The flat model seems to work much more like how I think about software development:
- You start working on something.
- You do your normal develop, commit, developer-test, commit cycle.
- Master moves on a bit while you're messing around. The fact that you happened to start developing before a specific commit on master, instead of just after it (so it would be the root of your branch) is reasonably irrelevant; you may as well move the branch-root (or branch point) up to the top of master.
- Additionally, if you do a real merge, you need to test your changes. This leads to more developer testing, and possibly more commits.
- What do you do with these commits? Assuming your merge with master is still local you can fix it (this is git, you can fix anything), but it's inconvenient.
- When you've rebased, you can continue committing on your rebased branch like normal, with confidence that when you merge it'll all be fine (as it'll be a fast-forward merge).
'Supercommits' is a hybrid of these two; you can use the rebase-onto-master workflow from 'flat', but you can logically group your set of commits into a... family? I like this idea, but haven't really implemented it in practice so can't really comment.
(Apologies for screenshots of text; I'm lazy, ansifilter was NOT WORKING and it's prettier than gitk.)
2011-02-10
Many people find modern version control systems confusing. PatchPiler offers a new, simpler way to think about version control, offering you far more flexibility than certain other version control systems.
All software development is the creation of patches; small changes to the state of the software. PatchPiler's command-line tool, papi, lets you manage these patches efficiently.

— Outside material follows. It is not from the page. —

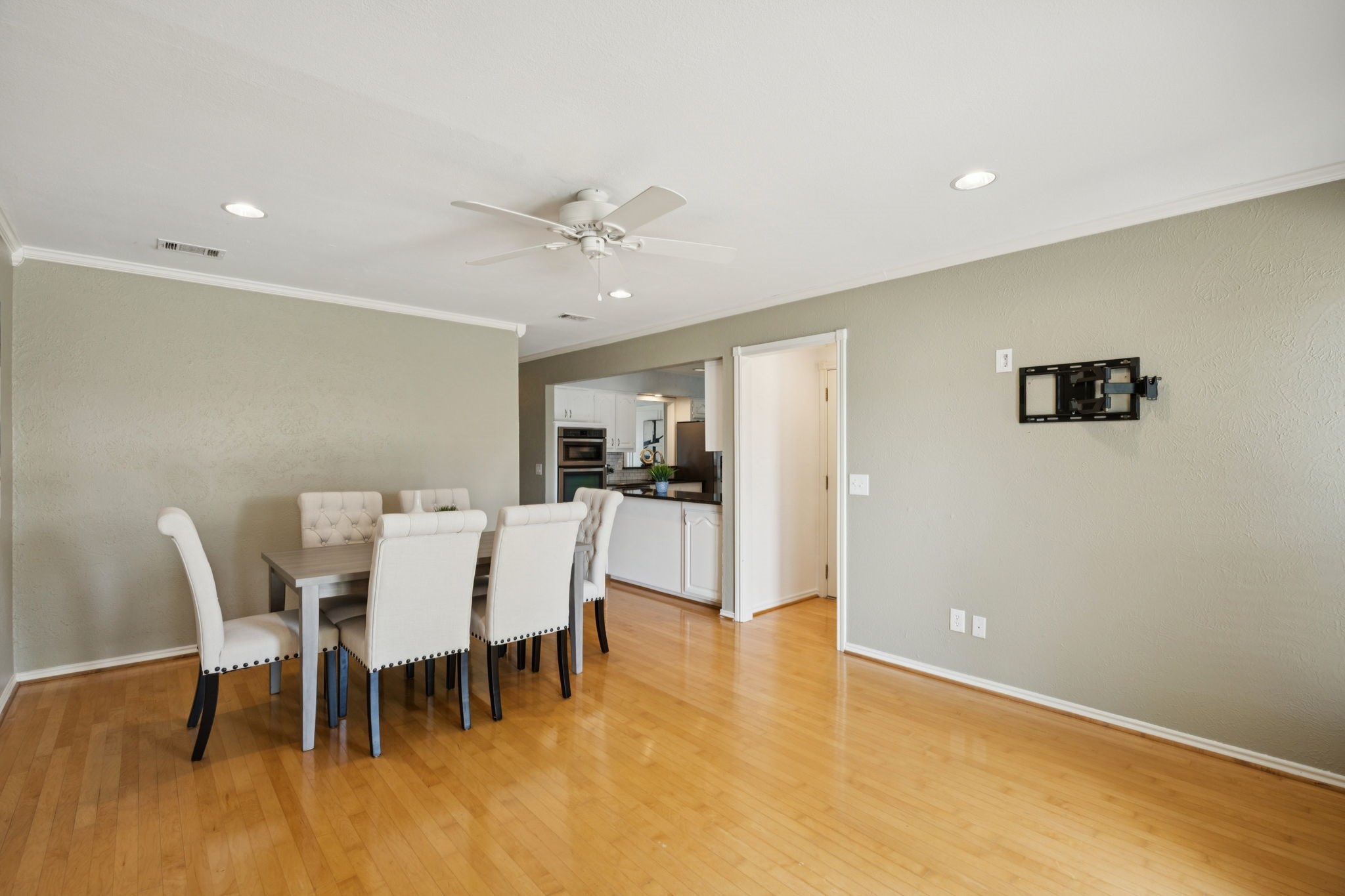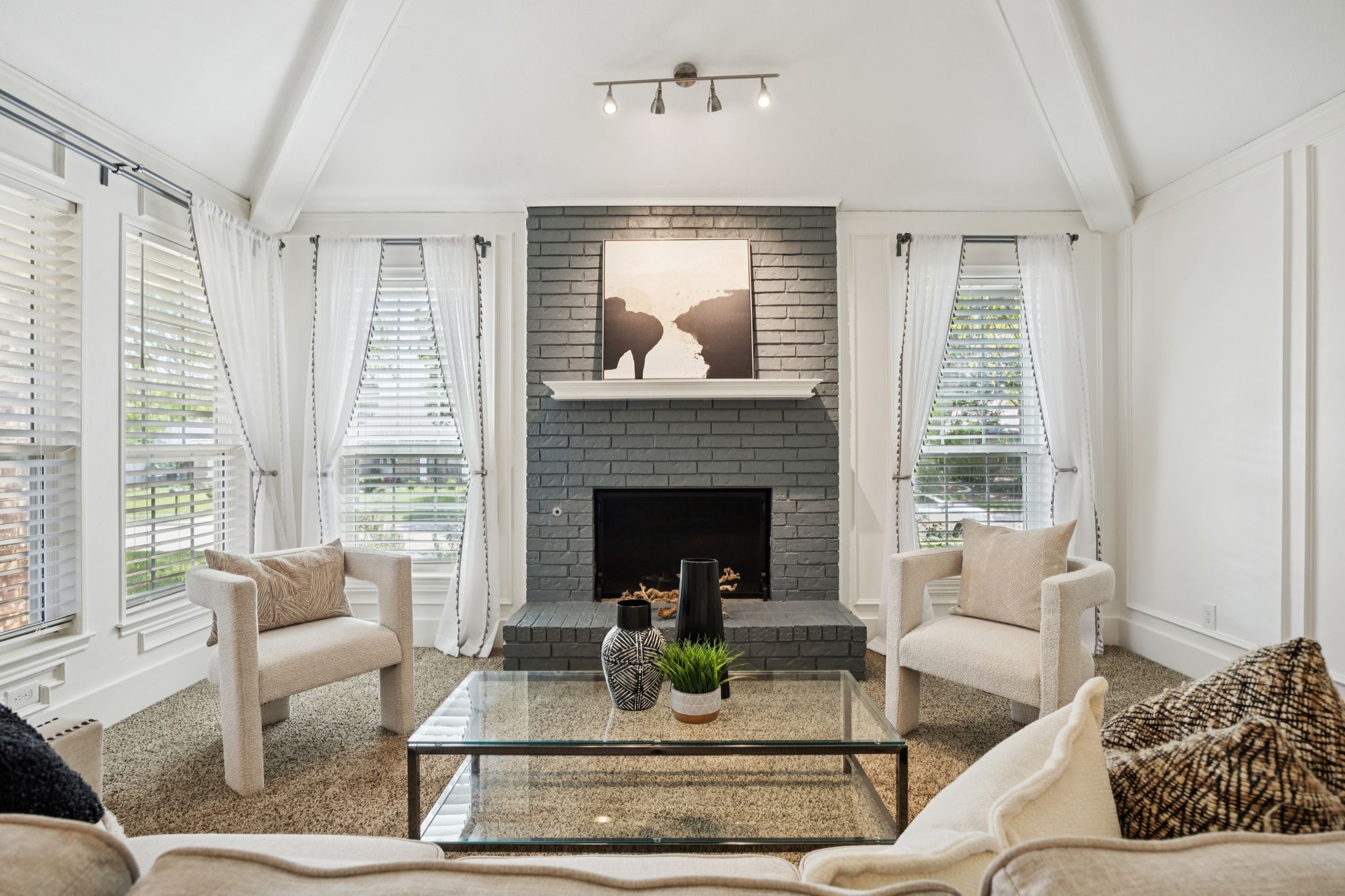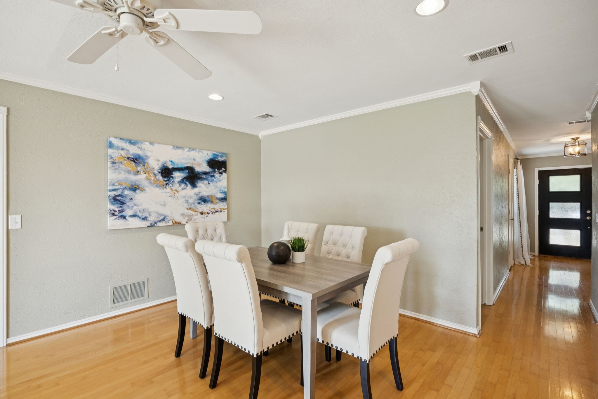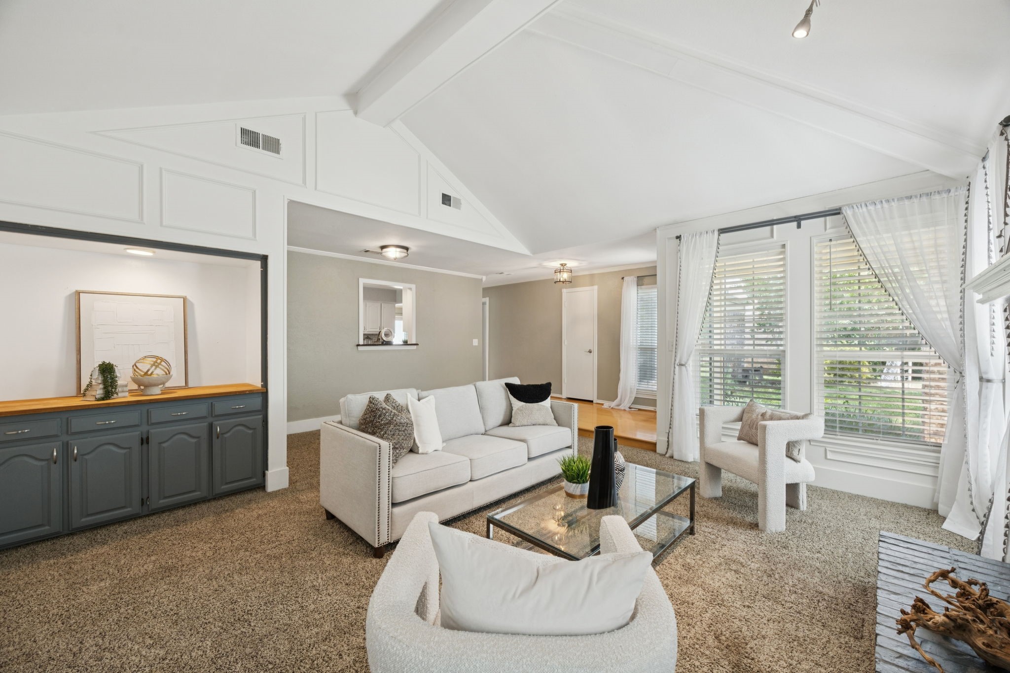 The private primary suite offers dual closets and an updated bath with a large walk-in shower. Three additional bedrooms share a separate hallway for privacy, along with a full bath. Wood floors, neutral colors, and generous natural light give the home a warm, inviting feel.

Like in other version control systems, papi commit adds a patch (yellow) to the existing stack of patches (green). As with any modern version control system, you can have multiple outstanding patches on a pile.

Sometimes you want to be working on multiple things at the same time, say yellow and blue things. For this, there's papi new-pile.
It lets you name your new pile, let's call it blue. This means you can pile patches on "blue" while continuing to pile patches on "yellow". This is amazingly cool. In fact, given that "blue" is completely unrelated to "yellow", somebody else can be piling patches on "blue" while you continue working on "yellow".

Frequently you'll want to copy patches between piles.
papi copy lets you copy a patch from one pile to another.
Something cool has happened in "yellow" and you want in? Just copy it across! The patch is now in both piles, but this is okay, as they're currently unrelated.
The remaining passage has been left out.